Now it's just sitting there calculating totals.
Going to troll SE Math:
https://math.stackexchange.com/questions/1256200/infinite-averages
Admin
My nerd snipe continues
Admin
If you use a converging series, the average will be (infinitesimally away from) the limit. If you don't use a converging series, the average is meaningless as a concept. Or you're using one of these series that hops around within bounds (e.g., alternating between 0 and 1); they're tractable for averaging too.
Admin
But it was funny to watch. :D
Admin
Not universally true. Consider the series 0, 1, 1.5, 1.75, 1.875, … where the amount you're adding each time halves. It is ordered strictly from smallest to largest, yet the average is (infinitesimally below) 2. Why is the average the limit? Because we can discard any finite prefix of the series and still get the same average from the infinite suffix ('cos it's infinite and so vastly more important).
That argument works for any converging series.

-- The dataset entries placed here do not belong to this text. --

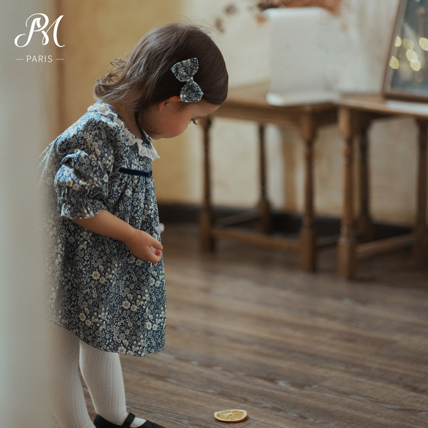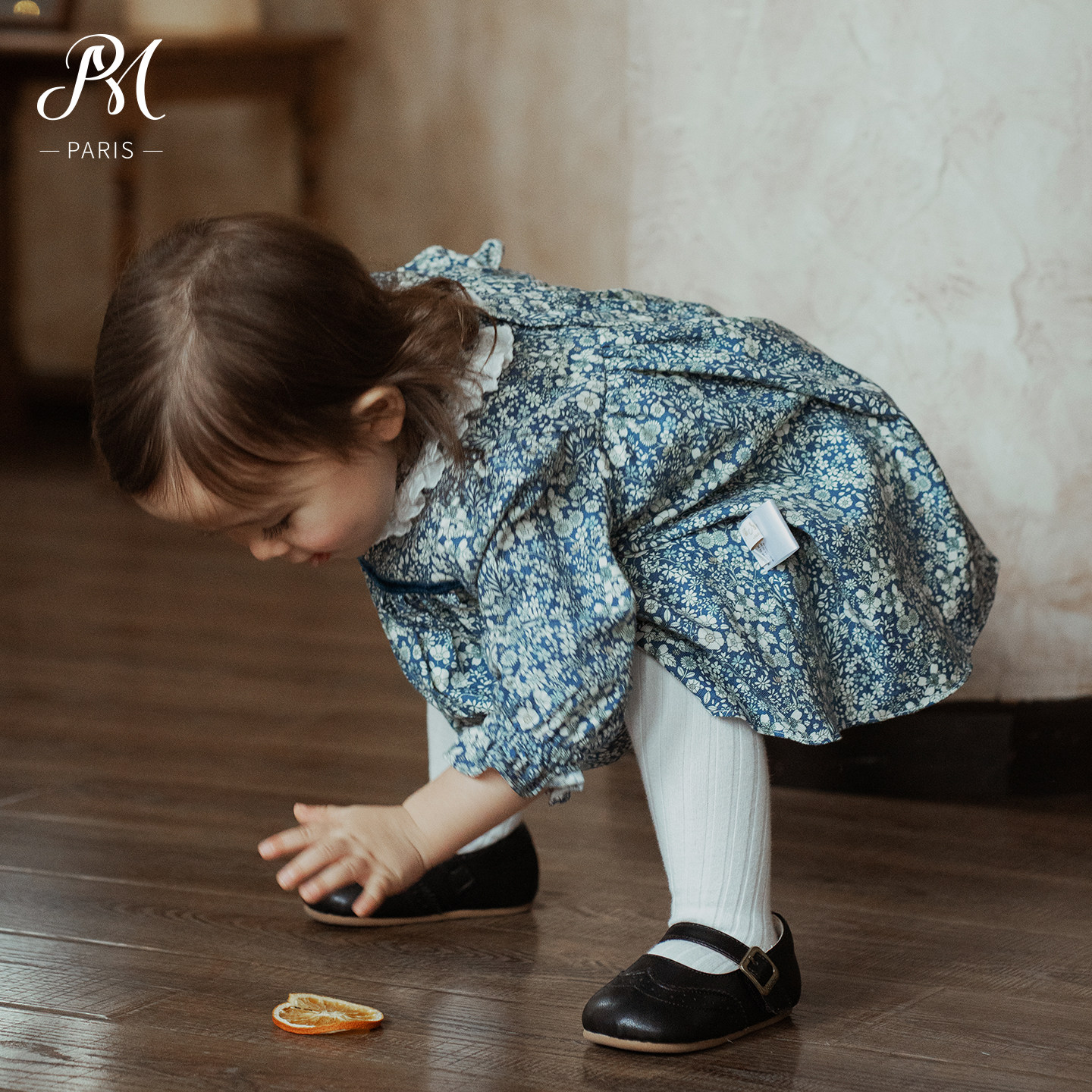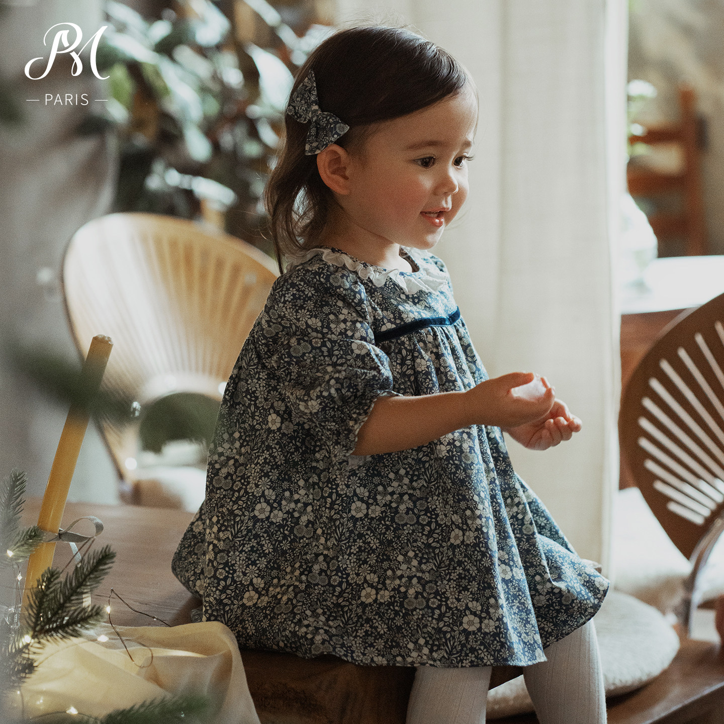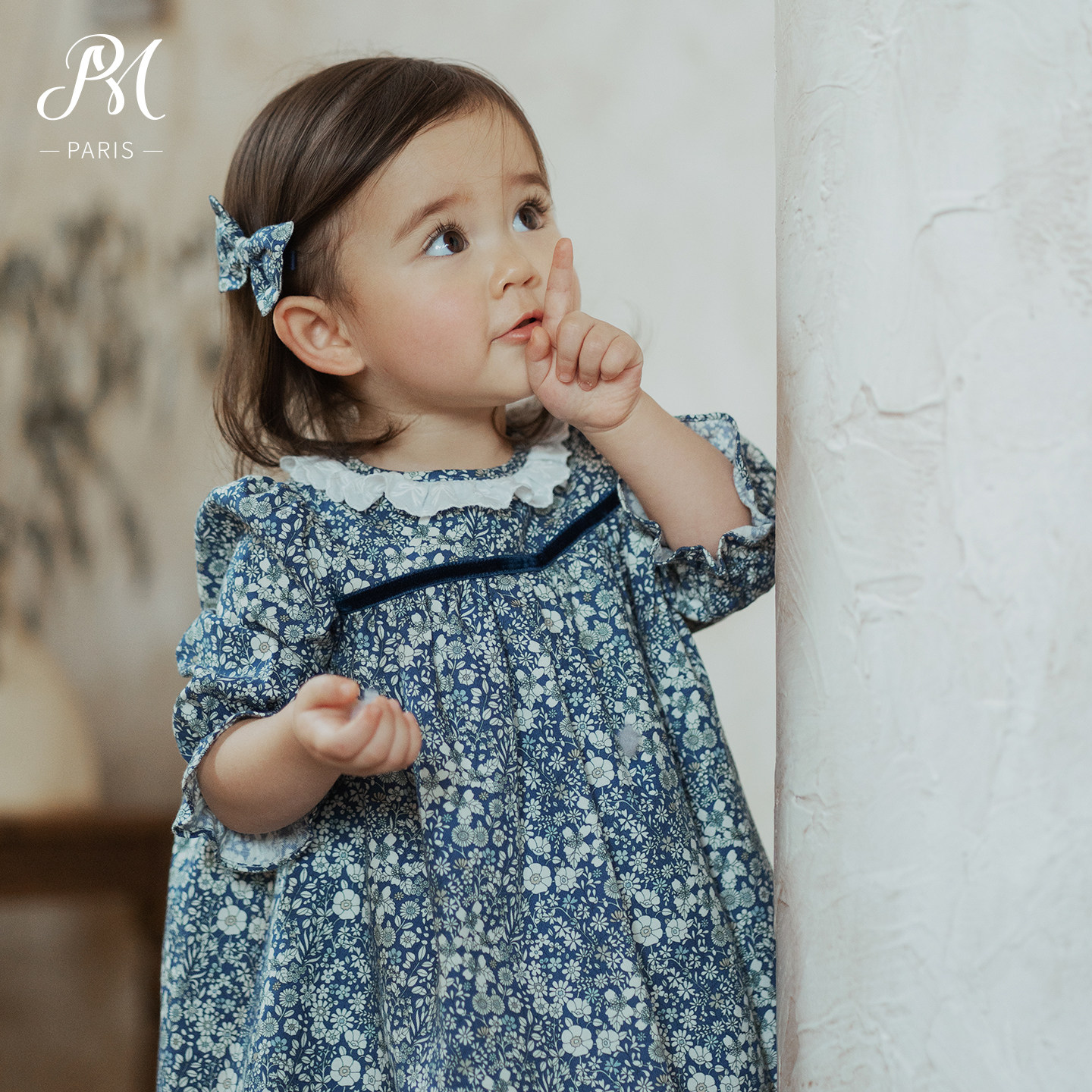 Petite Marguerite小雏菊婴童·利伯缇花边领蓝色碎花连衣裙
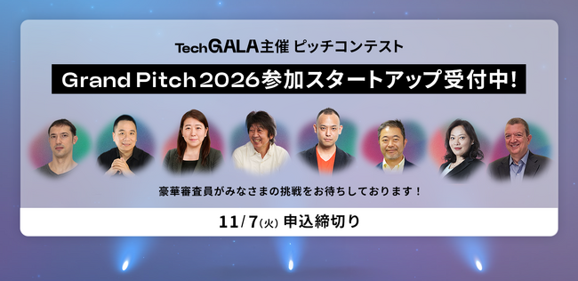 【11/7(水)締切】TechGALA主催ピッチコンテスト「Grand Pitch 2026」参加スタートアップ募集中 & 審査員決定!
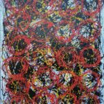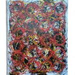 Obraz powstał w nawiązaniu do moich prac z 2018 roku, kiedy tworzyłam również Kompozycje muzyczne. Plątanina z farby działa na zmysły i kojarzy mi się z dźwiękami i muzyką. Temat nieprzedstawiający nic z góry nie narzuca odbiorcy. Można się cieszyć barwą, fakturą i swobodą odbioru.
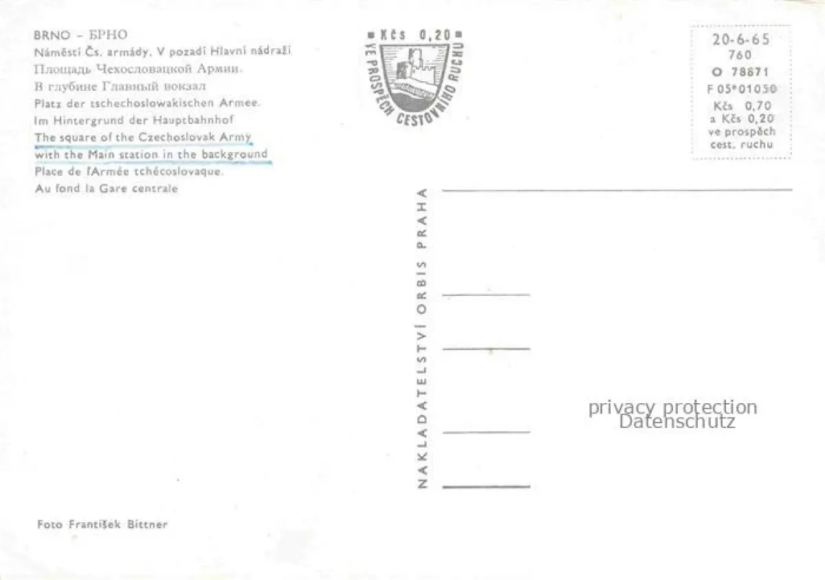 BRNO Bruenn CZ Square of the Czechoslovak Army an Main Station in the background postalisch nicht gelaufen Erhaltung siehe scans [FriedD77]
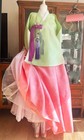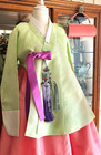 Korean Traditional Dress Dangui Hanbok Set-Green & Peach/Petticoat 2 Norigae Bag
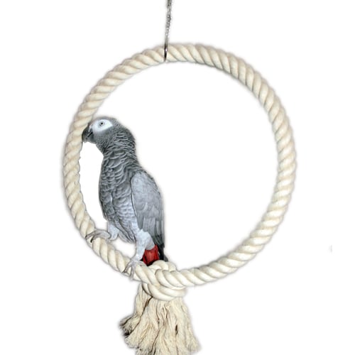 Deze speelring voor papegaaien heeft een dikte van 2,5 cm en is vervaardigd uit katoen. Je papegaai kan hier lekker op schommelen en tegelijkertijd met de speelflos spelen.
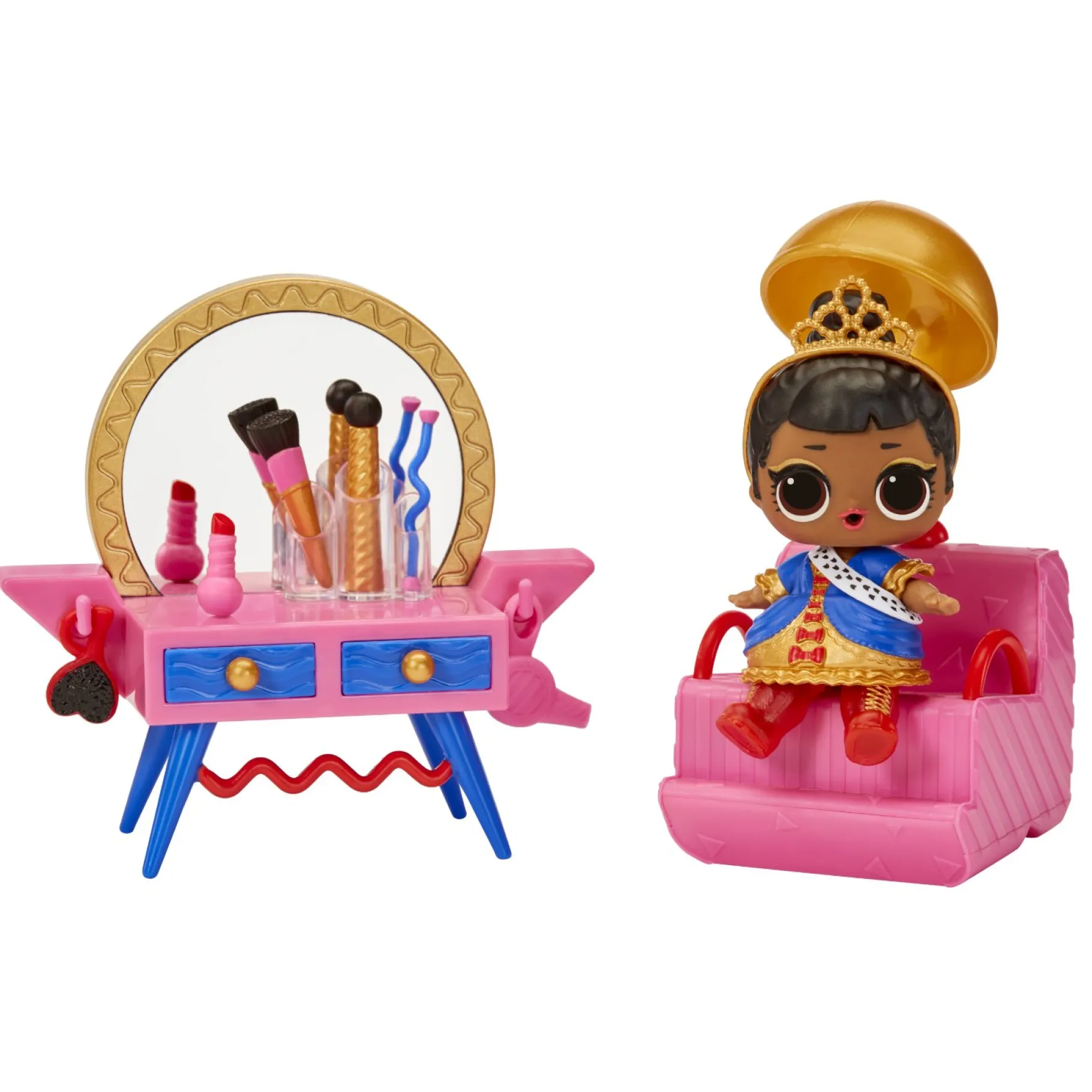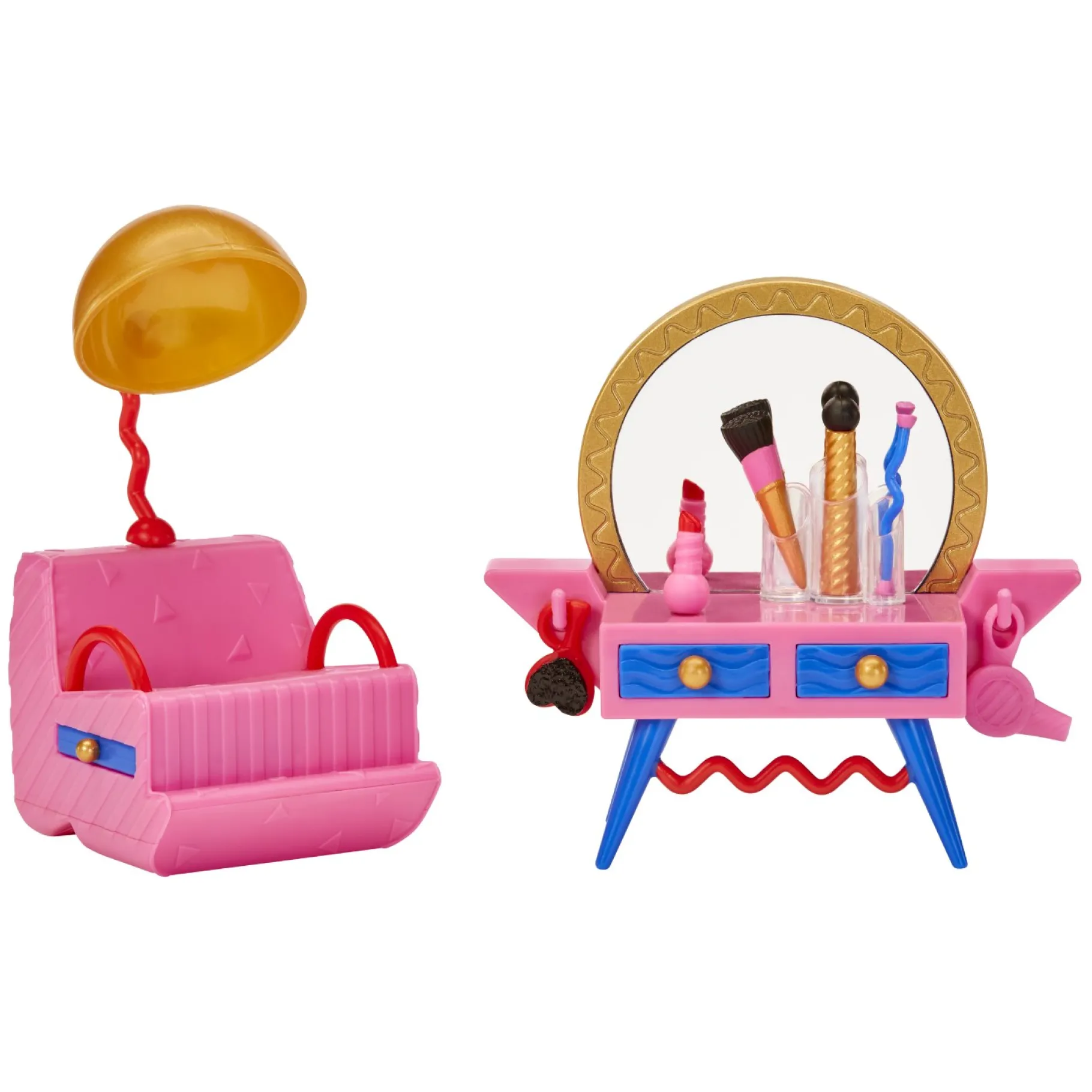 - Â PAK 8 VERRASSINGEN UIT waaronder een exclusieve pop, een kaptafel, een salonstoel, een haardroger, make-upkwasten, cosmetica, een make-updoos, een tiara, een haarborstel en een fles
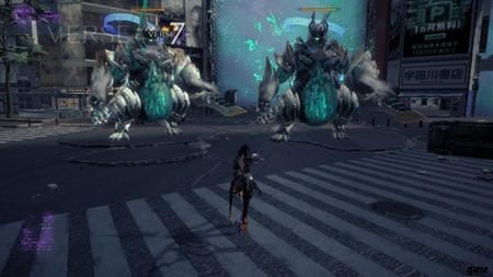 ベヨネッタは移動中の電車の中で新しい世界に到着します。ストラタスの敵の群れがすぐに現れ、あなたはそれらを倒さなければなりません.カットシーンがトリガーされ、街中のテンポの速い追跡シーケンスでゴモラをコントロールします 、電車や倒壊する建物を避けます。 Asperatus との戦いとクイック タイム イベントの後、安全に東京:渋谷に着陸します。 .
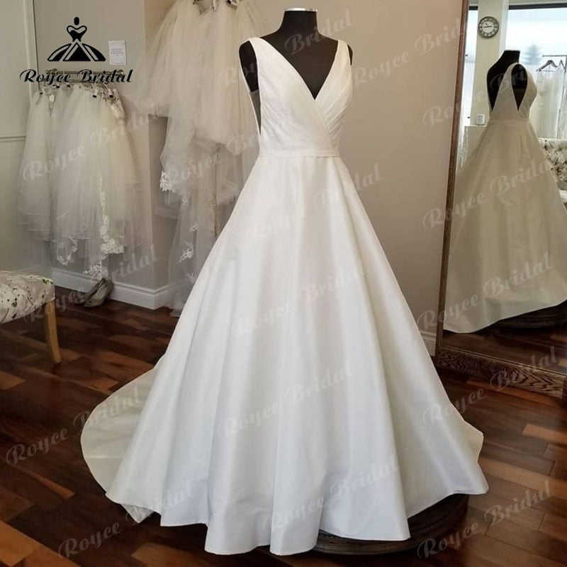 Roycebridal Simple V Neck Satin V Neck A Line Wedding Dress with Bow 2025 Bridal Gowns Custom Made Vestidos De Novia Formal Roycebridal
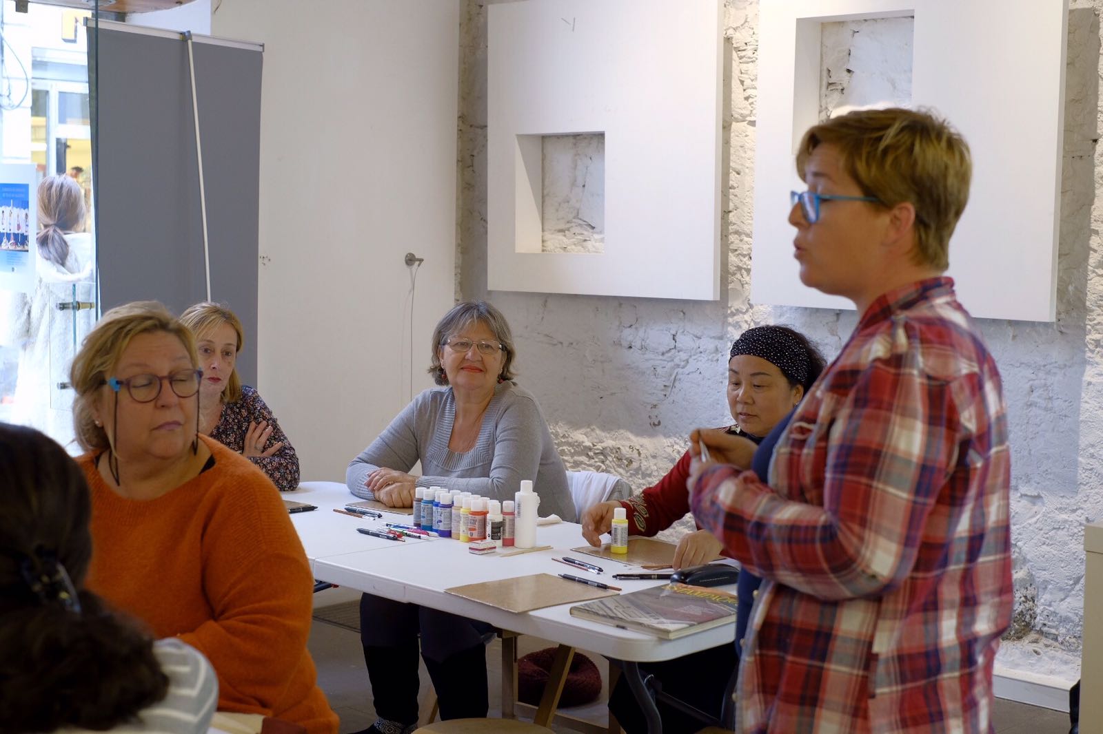 Para comenzar, los alumnos aprenden a distinguir los materiales más adecuados para realizar la labor, entre los que destacan pinceles hechos con pelo natural –de poni o lobo-, un bolígrafo para repasar el boceto, tela sin mezclas artificiales y una base aislante que no absorba la pintura.

For a series that contains an infinitely repeating finite segment (after a finite prefix, see previous argument), e.g., 0, 1, 0, 1, 0, 1, …, the average of the series is the simple average of the repeating segment (in this case, ½). You can use a functional reduction of the series to prove that.
A fractal series… requires a better grasp of Analysis than I possess, but I'd guess that a more sophisticated functional reduction would be the way to go.